> _Data excerpt_:
+ + +

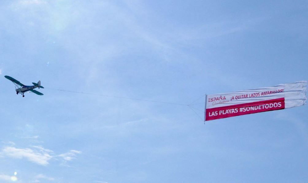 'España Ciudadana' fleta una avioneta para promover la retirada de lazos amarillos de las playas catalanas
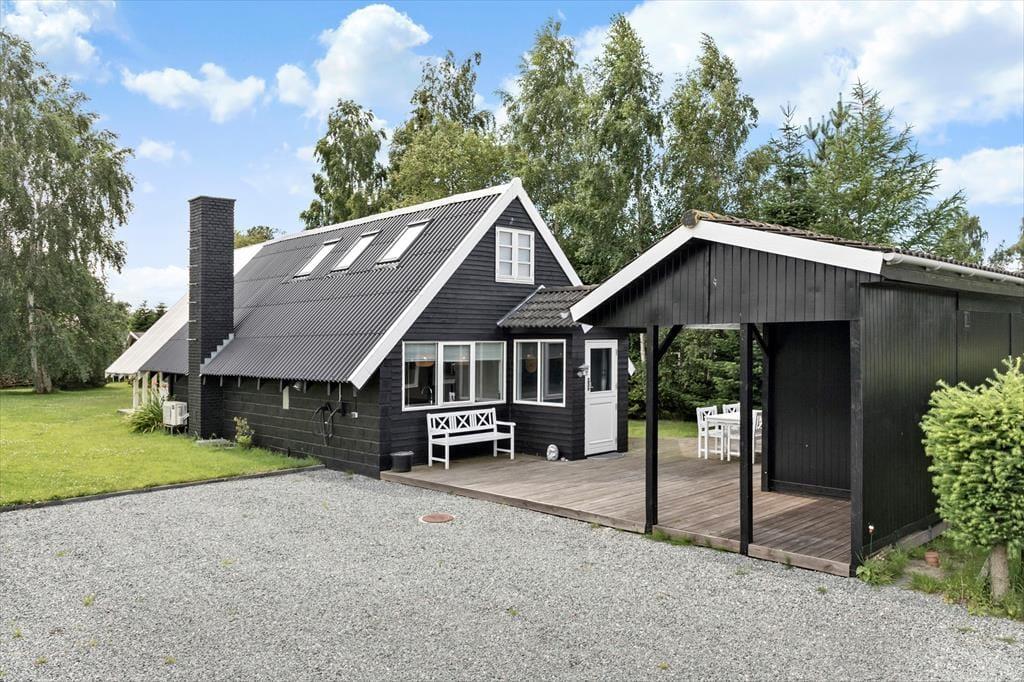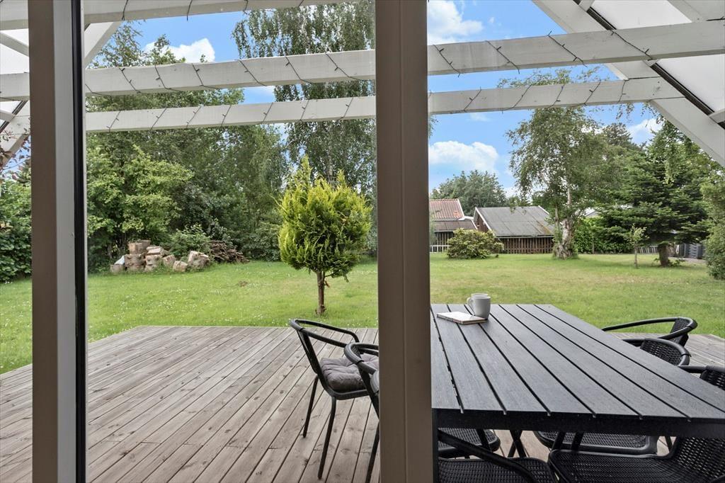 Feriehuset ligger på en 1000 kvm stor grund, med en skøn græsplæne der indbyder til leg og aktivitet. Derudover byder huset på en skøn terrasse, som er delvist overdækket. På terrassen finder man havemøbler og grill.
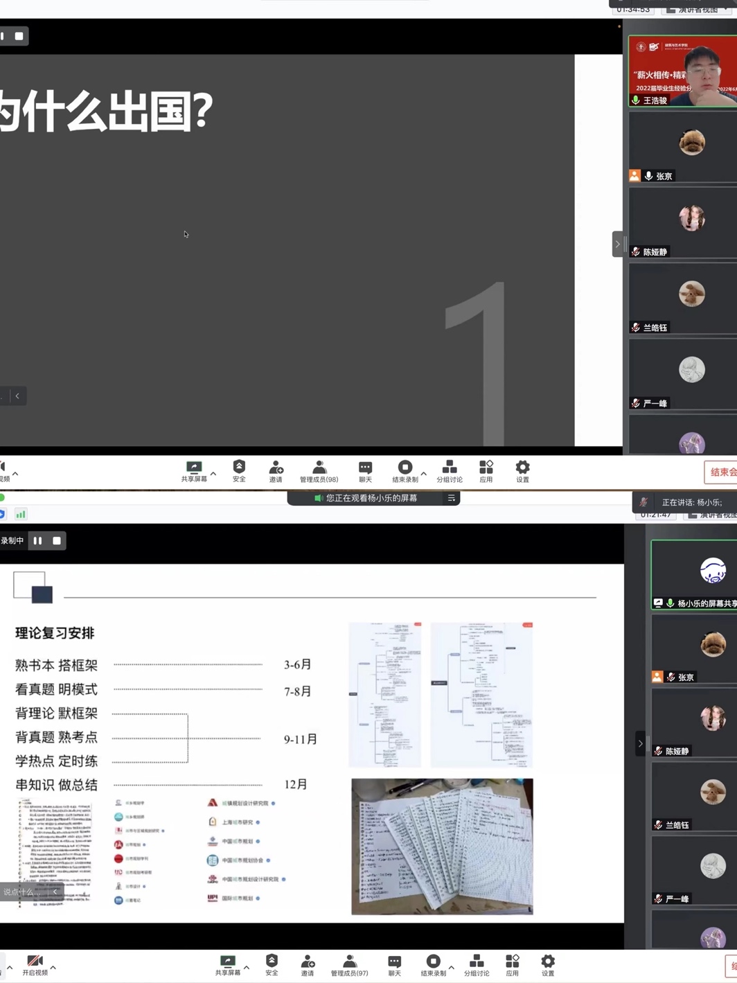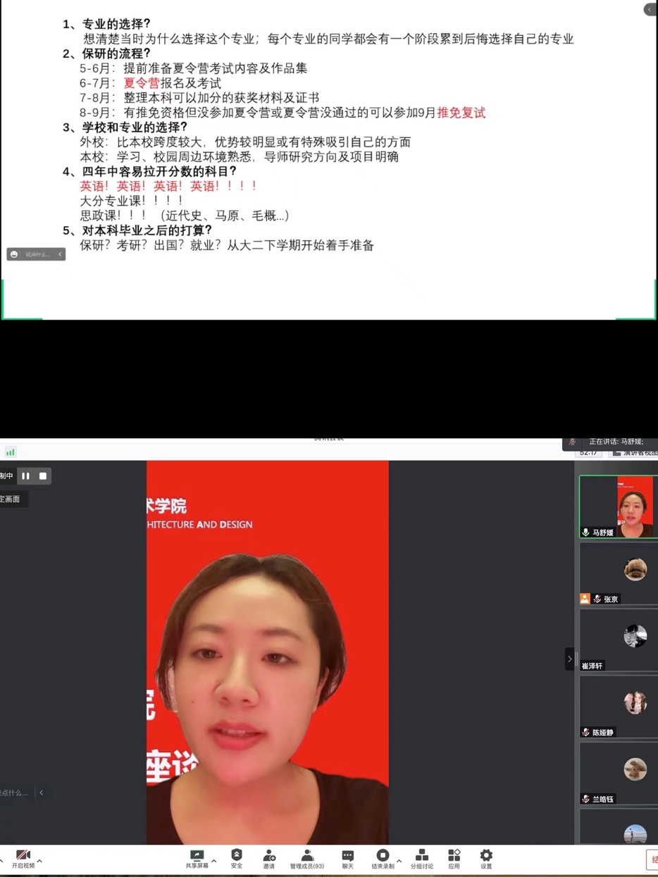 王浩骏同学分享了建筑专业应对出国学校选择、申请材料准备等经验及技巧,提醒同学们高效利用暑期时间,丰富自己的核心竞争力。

+ + +

> _Action item_:
Could you copy the listing exactly, leaving out any pictures?

> _Solved problem_:
 'España Ciudadana' fleta una avioneta para promover la retirada de lazos amarillos de las playas catalanas
 Feriehuset ligger på en 1000 kvm stor grund, med en skøn græsplæne der indbyder til leg og aktivitet. Derudover byder huset på en skøn terrasse, som er delvist overdækket. På terrassen finder man havemøbler og grill.
 王浩骏同学分享了建筑专业应对出国学校选择、申请材料准备等经验及技巧,提醒同学们高效利用暑期时间,丰富自己的核心竞争力。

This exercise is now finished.